Task to complete — Your output should be the lines below from the one with "C:\Program Files 以下にインストールするのを避けるか、セットアップ後UACを無効にしてください』" through the one with "櫃檯給了兩段航程的機票(桃園", copied exactly, pictures excluded.

Data provided —

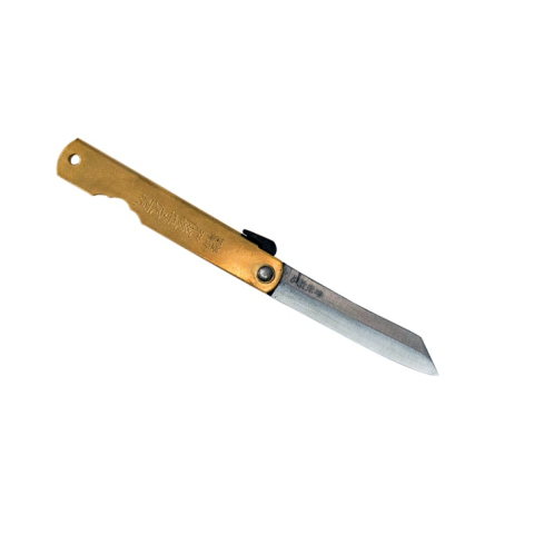 Nagao Higonokami - DB090Közepes méretű tradícionális japán zsebkés, amely annak ellenére, hogy nem rendelkezik zárral, több dologra képes, mint amit el tudunk képzelni. Kézi megmunkálással készül, markolata hajtogatott réz, melyet kanjis-sal (japán ír
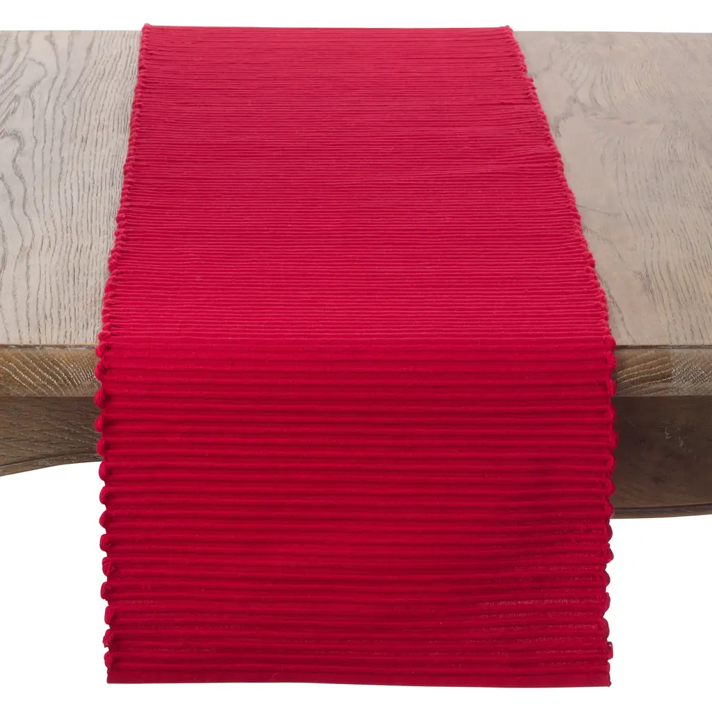 A stylish tablescape will always have consistency and structure, and you can easily achieve both with this gorgeous Ribbed Design Table Runner. Its bright color offsets neutral tones and brings fervor to wooden tables, while the natural cotton construction brings an earthy accent. Pair with matching placemats for a coordinated look.Features:
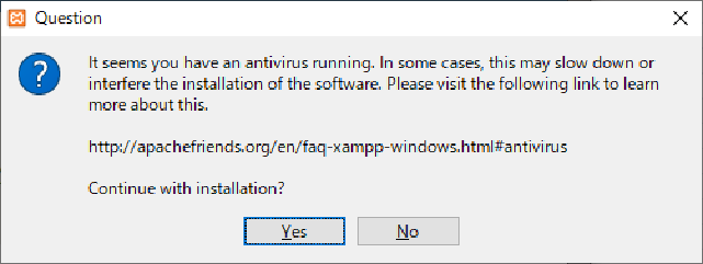 『UAC(ユーザアカウント制御)によってXAMPPのいくつかの機能が制限される可能性があります。そのため、XAMPPを C:\Program Files 以下にインストールするのを避けるか、セットアップ後UACを無効にしてください』
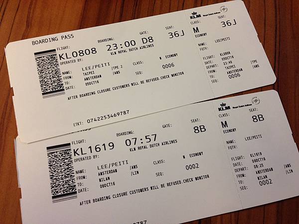 櫃檯給了兩段航程的機票(桃園-阿姆斯特丹,阿姆斯特丹-米蘭),沒有傳說中的轉機說明,我問了櫃檯,是說下機前會提醒說明,或到當地直接找登機口即可(?),嗯好吧,無論如何,後來旁邊坐了一個要去德國的台灣人,到時候至少可以跟他走XD.....感覺是神派來讓我安心的天使哩!Y(_)Y
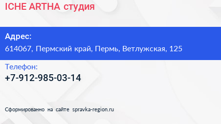 ICHE ARTHA, студия по адресу 614067, Пермский край, Пермь, Ветлужская, 125 в дальнейшем Организация, размещена в следующих категориях:
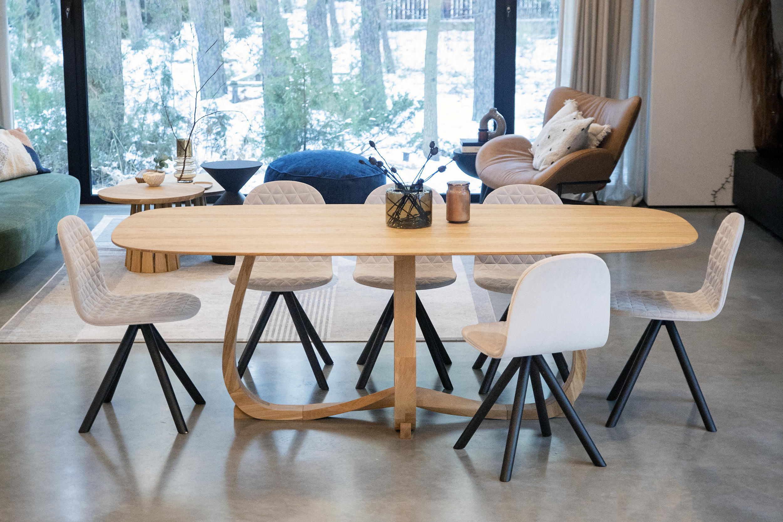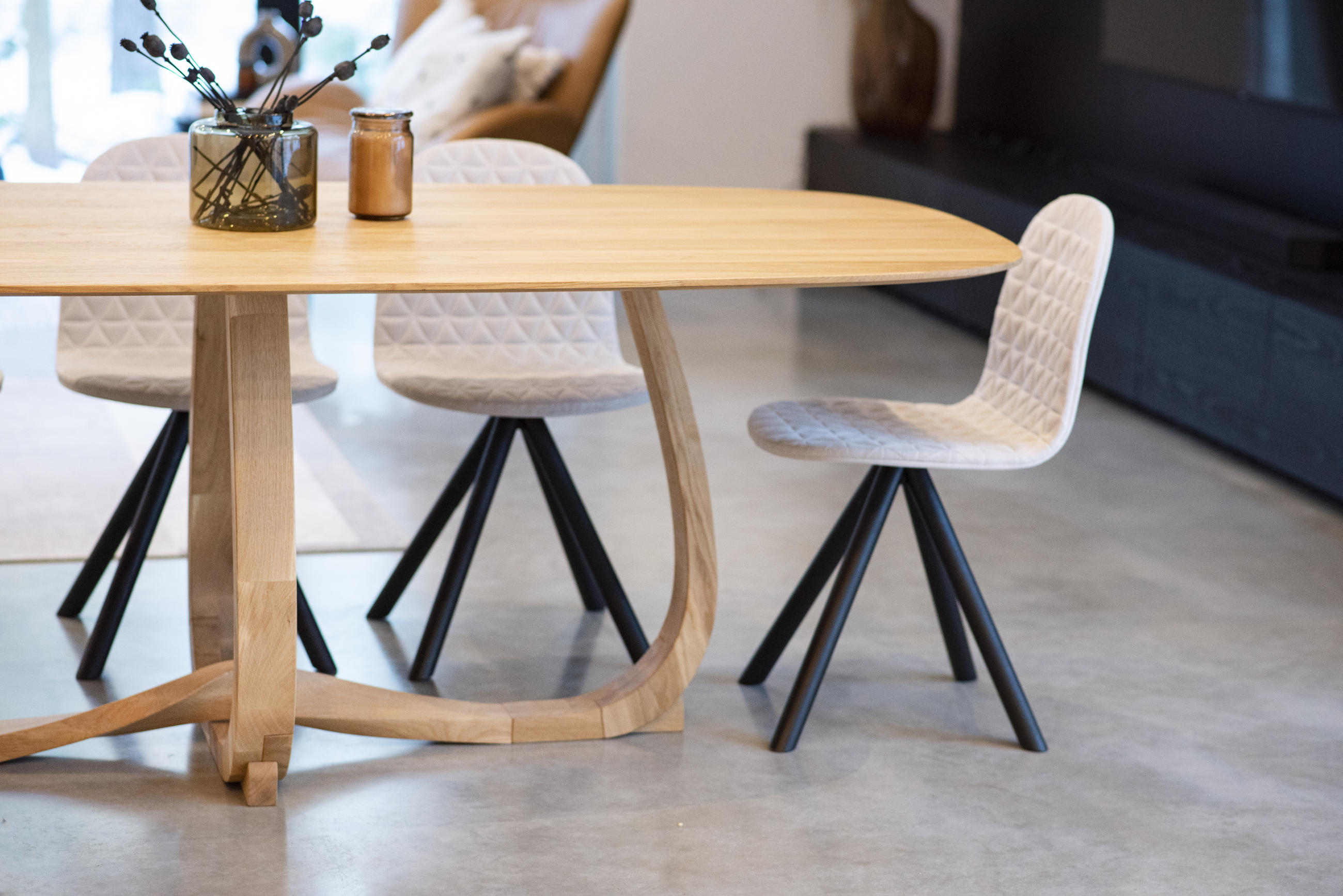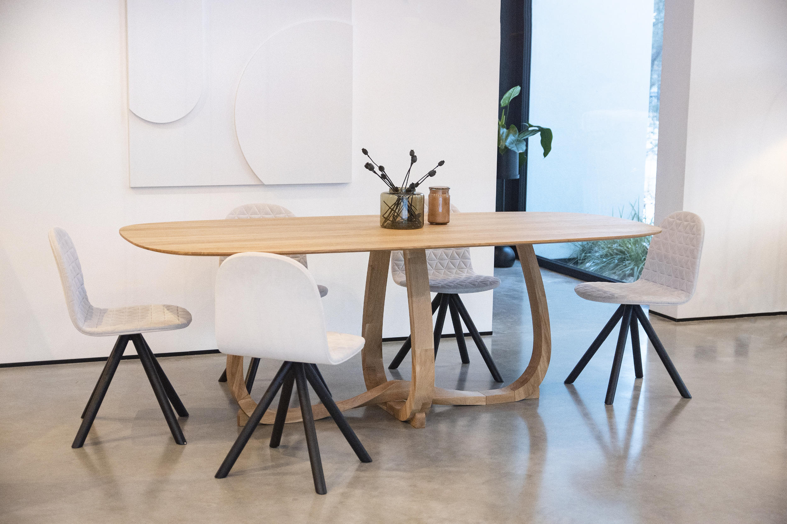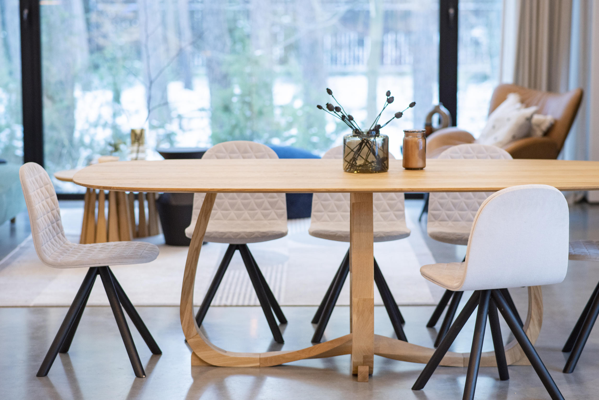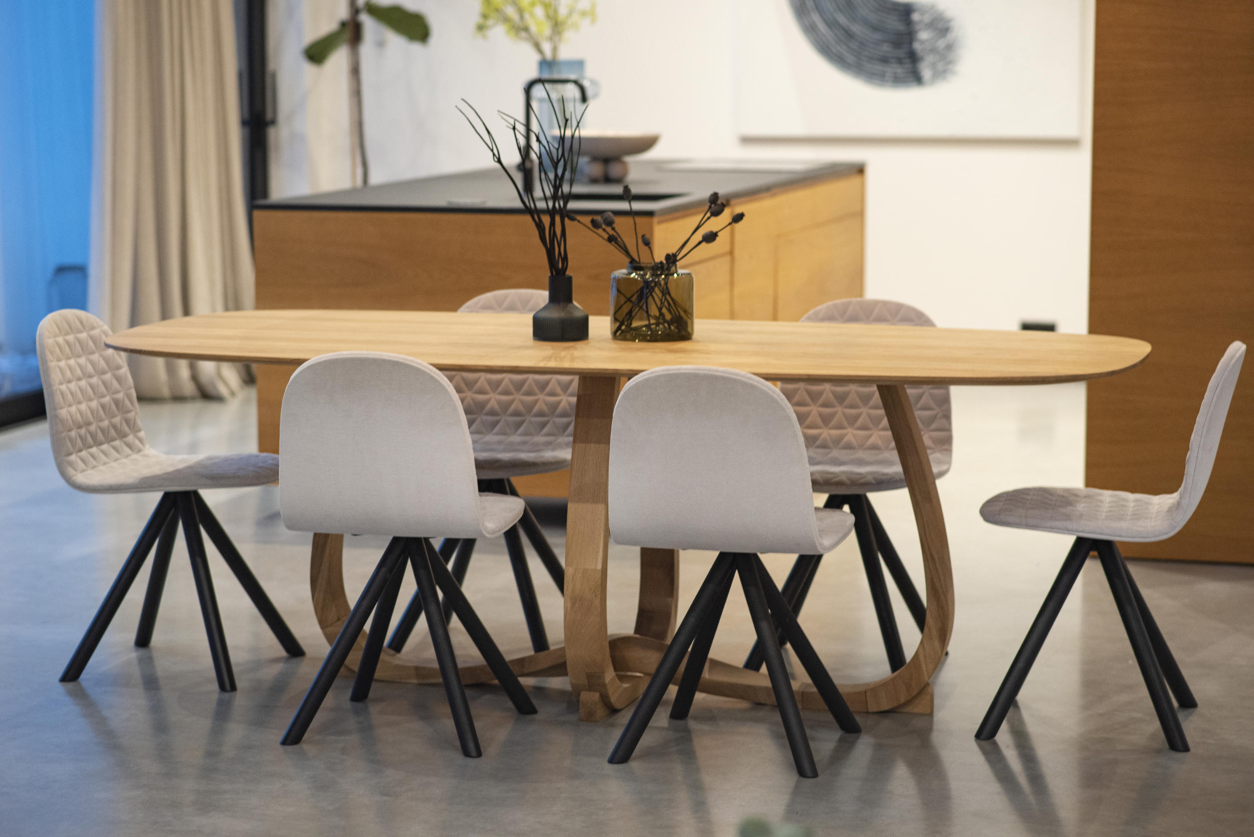 The most characteristic element of the table is the two elegant wooden loops intertwining in an artistic dance. The oval top, intricately milled, gives the table a distinctive character, simultaneously imparting a sense of lightness. Thanks to this delicate construction, the table becomes not only a practical dining spot but also an artistic masterpiece that draws the eye and delights.

Response to this exercise —
 『UAC(ユーザアカウント制御)によってXAMPPのいくつかの機能が制限される可能性があります。そのため、XAMPPを C:\Program Files 以下にインストールするのを避けるか、セットアップ後UACを無効にしてください』
 櫃檯給了兩段航程的機票(桃園-阿姆斯特丹,阿姆斯特丹-米蘭),沒有傳說中的轉機說明,我問了櫃檯,是說下機前會提醒說明,或到當地直接找登機口即可(?),嗯好吧,無論如何,後來旁邊坐了一個要去德國的台灣人,到時候至少可以跟他走XD.....感覺是神派來讓我安心的天使哩!Y(_)Y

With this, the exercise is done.